3,569 posts, read 2,520,942 times
Reputation: 2290
Quote:
Originally Posted by ScoopLV View Post
Sure, the landlord must conform rent to the market. But if the landlord is losing money every month leasing his or her house, he or she will soon sell the house to drop the non-performing asset. The funds from the sale can be allocated to more profitable investments.

If renting houses is such an awful use of capital, there wouldn't be so many landlords.
"Losing money" in the context of real estate does not equal mortgage payment + taxes + insurance

The real estate is an asset. It changes in value, which impacts the property owners ultimate return. As another poster mentioned, you would have to compare the overall performance of that asset (rent payments + any appreciation) less costs (down payment, loan principal payments, loan interest payments, taxes insurance) to the other options the owner had with the down payment (stocks, mutual funds, business investments, etc.).

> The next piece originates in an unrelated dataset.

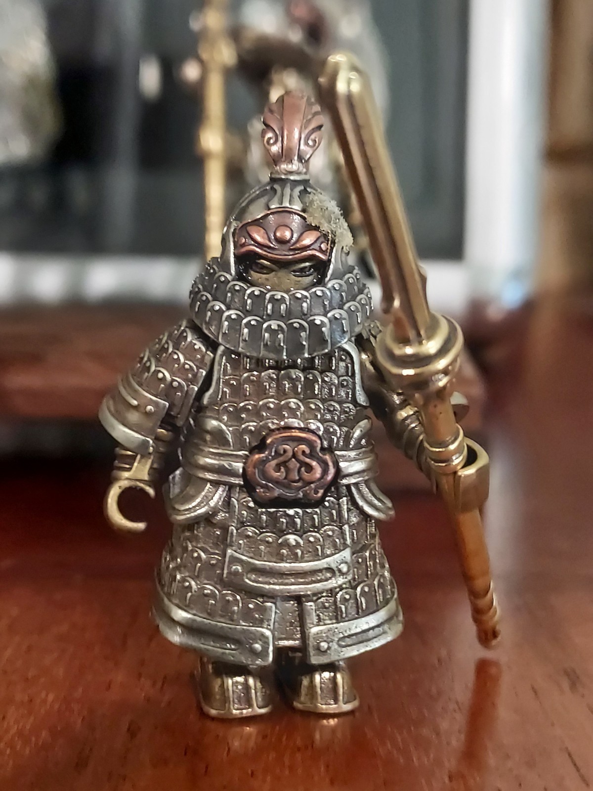 I got a set of these for Christmas and I loved them so much I found the manufacturer and got more. This isn't a cheap lego- it's solid Metal and well made. The website it was bought from gave this description and you can see the listing photo along with some in hand pics. Feel free to PM me with questions The Mini Metal Magnetic Samurai guy is a unique desktop ornament inspired by LEGOs, made of bronze and brass materials. This set is perfect for collectors and enthusiasts of action figures and accessories. This magnetic ornament brings a touch of fantasy to any space, making it a cool and eye-catching addition to any collection
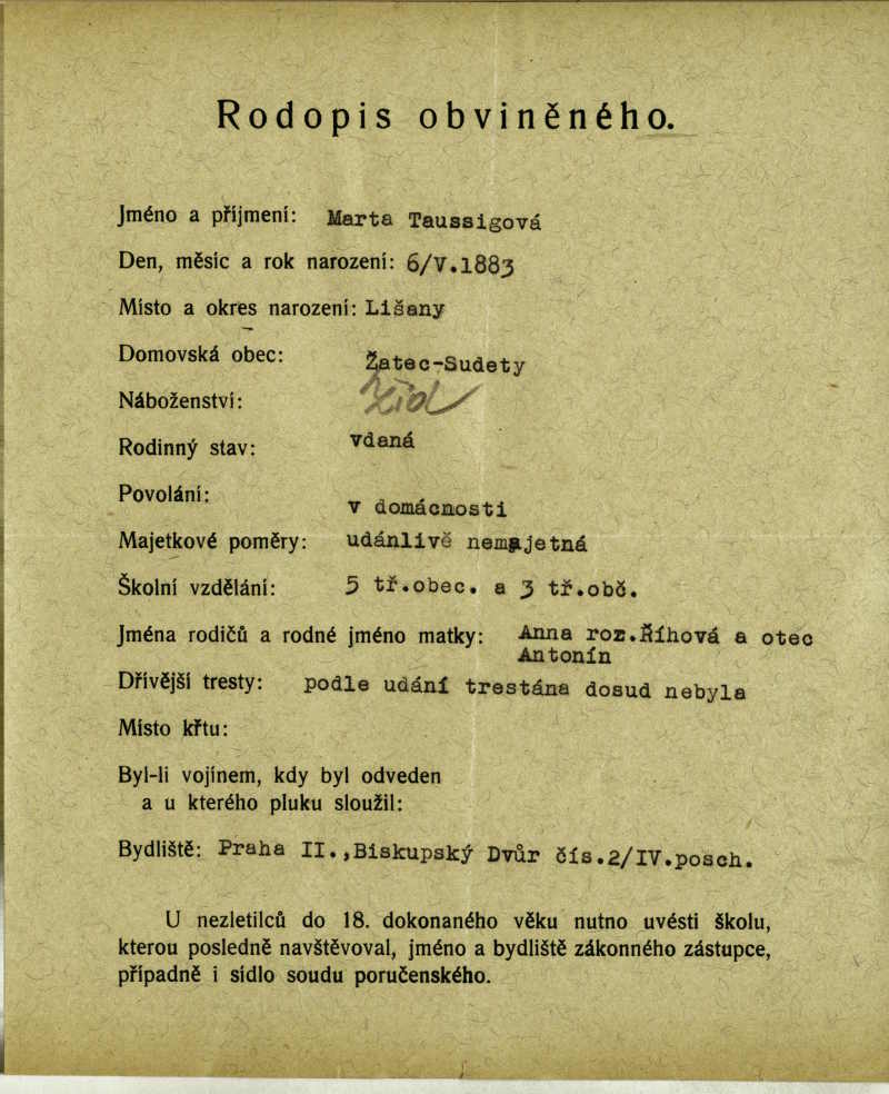 National archives Prague > Police Directorate Prague > 1941-1950 > T > Taussigová Markéta

A big advantage of the real estate is that it provides the opportunity for a large asset investment with a relatively small up-front payment and a low interest rate on the loan. So instead of buying $50k worth of financial instruments, the buyer spends $50k and gets a $250k asset (with the balance on a low-interest loan). If that $250k asset appreciates at the same rate as, let's say, potential mutual funds, then the buyer has 5x the amount of wealth creation (less interest on the 200k loan). That's a big if, of course.

Quote:
Originally Posted by lycos679 View Post
Yes, but as the other poster said, in the long run the landlords will get rid of the house which reduces the supply until the rent at least equals the cost.

If your carrying cost is $800 you won't have people trying to be landlords until the market will bear an $800 rental rate.
By "carrying cost," do you simply mean interest, taxes, and insurance? Because the principal portion of a payment goes to acquiring ownership of the asset itself. And like another poster mentioned, the house does not disappear because the landlord sells it.